Abstract Background: Determination of arsenic species in saliva is potentially useful for biomonitoring of human exposure and studying arsenic metabolism. Arsenic speciation in saliva has not been reported previously. Methods: We separated arsenic species in saliva using liquid chromatography (LC) and quantified them by inductively coupled plasma mass spectrometry. We further confirmed the identities of arsenic species by LC coupled with electrospray ionization tandem mass spectrometry. These methods were successfully applied to the determination of arsenite (AsIII), arsenate (AsV), and their methylation metabolites, monomethylarsonic acid (MMAV), and dimethylarsinic acid (DMAV), in >300 saliva samples collected from people who were exposed to varying concentrations of arsenic. Results: The mean (range) concentrations (μg/L) in the saliva samples from 32 volunteers exposed to background levels of arsenic were AsIII 0.3 [not detectable (ND) to 0.7], AsV 0.3 (ND to 0.5), MMAV 0.1 (ND to 0.2), and DMAV 0.7 (ND to 2.6).
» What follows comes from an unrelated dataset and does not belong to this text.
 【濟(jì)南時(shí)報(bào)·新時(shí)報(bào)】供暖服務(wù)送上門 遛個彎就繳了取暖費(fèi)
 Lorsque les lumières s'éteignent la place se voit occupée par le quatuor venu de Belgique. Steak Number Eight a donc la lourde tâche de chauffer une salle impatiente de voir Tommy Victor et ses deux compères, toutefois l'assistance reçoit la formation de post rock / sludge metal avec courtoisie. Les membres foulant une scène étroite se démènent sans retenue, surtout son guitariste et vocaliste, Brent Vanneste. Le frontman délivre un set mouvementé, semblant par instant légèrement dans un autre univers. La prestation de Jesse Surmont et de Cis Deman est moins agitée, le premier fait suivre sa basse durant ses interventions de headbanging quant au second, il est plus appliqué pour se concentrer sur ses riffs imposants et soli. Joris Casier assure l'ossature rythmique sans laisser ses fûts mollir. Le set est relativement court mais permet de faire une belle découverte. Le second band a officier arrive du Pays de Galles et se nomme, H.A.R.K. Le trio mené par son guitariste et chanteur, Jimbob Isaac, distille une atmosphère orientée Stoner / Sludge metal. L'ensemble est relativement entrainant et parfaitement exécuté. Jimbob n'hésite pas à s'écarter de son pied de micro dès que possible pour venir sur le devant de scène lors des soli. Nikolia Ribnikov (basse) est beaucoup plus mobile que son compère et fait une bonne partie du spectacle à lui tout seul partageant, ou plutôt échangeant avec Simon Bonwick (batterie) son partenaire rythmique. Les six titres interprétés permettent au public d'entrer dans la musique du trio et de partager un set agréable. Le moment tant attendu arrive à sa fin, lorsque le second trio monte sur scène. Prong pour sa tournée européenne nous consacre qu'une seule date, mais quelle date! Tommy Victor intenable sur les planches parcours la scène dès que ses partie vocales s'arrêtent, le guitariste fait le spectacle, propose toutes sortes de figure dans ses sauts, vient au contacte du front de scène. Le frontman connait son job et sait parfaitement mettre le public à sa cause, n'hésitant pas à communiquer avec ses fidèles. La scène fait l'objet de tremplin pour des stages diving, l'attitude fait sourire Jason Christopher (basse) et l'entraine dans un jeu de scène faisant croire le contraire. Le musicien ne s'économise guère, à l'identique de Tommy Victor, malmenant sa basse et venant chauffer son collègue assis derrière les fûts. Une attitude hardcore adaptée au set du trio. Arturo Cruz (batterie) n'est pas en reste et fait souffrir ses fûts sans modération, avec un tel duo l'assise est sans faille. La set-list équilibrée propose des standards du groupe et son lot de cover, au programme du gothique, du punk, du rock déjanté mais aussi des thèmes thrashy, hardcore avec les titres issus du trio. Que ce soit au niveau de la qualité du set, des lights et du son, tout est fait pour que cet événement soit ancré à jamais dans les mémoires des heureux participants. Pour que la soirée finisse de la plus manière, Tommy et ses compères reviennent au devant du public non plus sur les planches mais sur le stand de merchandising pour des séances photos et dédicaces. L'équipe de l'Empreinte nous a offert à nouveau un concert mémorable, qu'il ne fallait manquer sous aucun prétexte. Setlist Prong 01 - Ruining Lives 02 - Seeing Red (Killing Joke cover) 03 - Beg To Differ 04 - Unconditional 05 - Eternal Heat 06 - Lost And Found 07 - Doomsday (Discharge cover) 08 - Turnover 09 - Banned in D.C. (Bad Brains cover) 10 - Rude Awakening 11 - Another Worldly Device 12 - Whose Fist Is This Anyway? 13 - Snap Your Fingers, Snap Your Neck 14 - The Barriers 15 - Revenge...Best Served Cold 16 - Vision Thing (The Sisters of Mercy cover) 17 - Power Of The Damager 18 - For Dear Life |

Samples from 301 people exposed to increased concentrations of arsenic in drinking water showed detectable AsIII in 99%, AsV in 98%, MMAV in 80%, and DMAV in 68% of samples. The mean (range) concentrations of arsenic species in these saliva samples were (in μg/L) AsIII 2.8 (0.1–38), AsV 8.1 (0.3–120), MMAV 0.8 (0.1–6.0), and DMAV 0.4 (0.1–3.9). Saliva arsenic correlated with drinking water arsenic. Odds ratios for skin lesions increased with saliva arsenic concentrations. The association between saliva arsenic concentrations and the prevalence of skin lesions was statistically significant (P <0.001). Conclusions: Speciation of AsV, AsIII, MMAV, and DMAV in human saliva is a useful method for monitoring arsenic exposure.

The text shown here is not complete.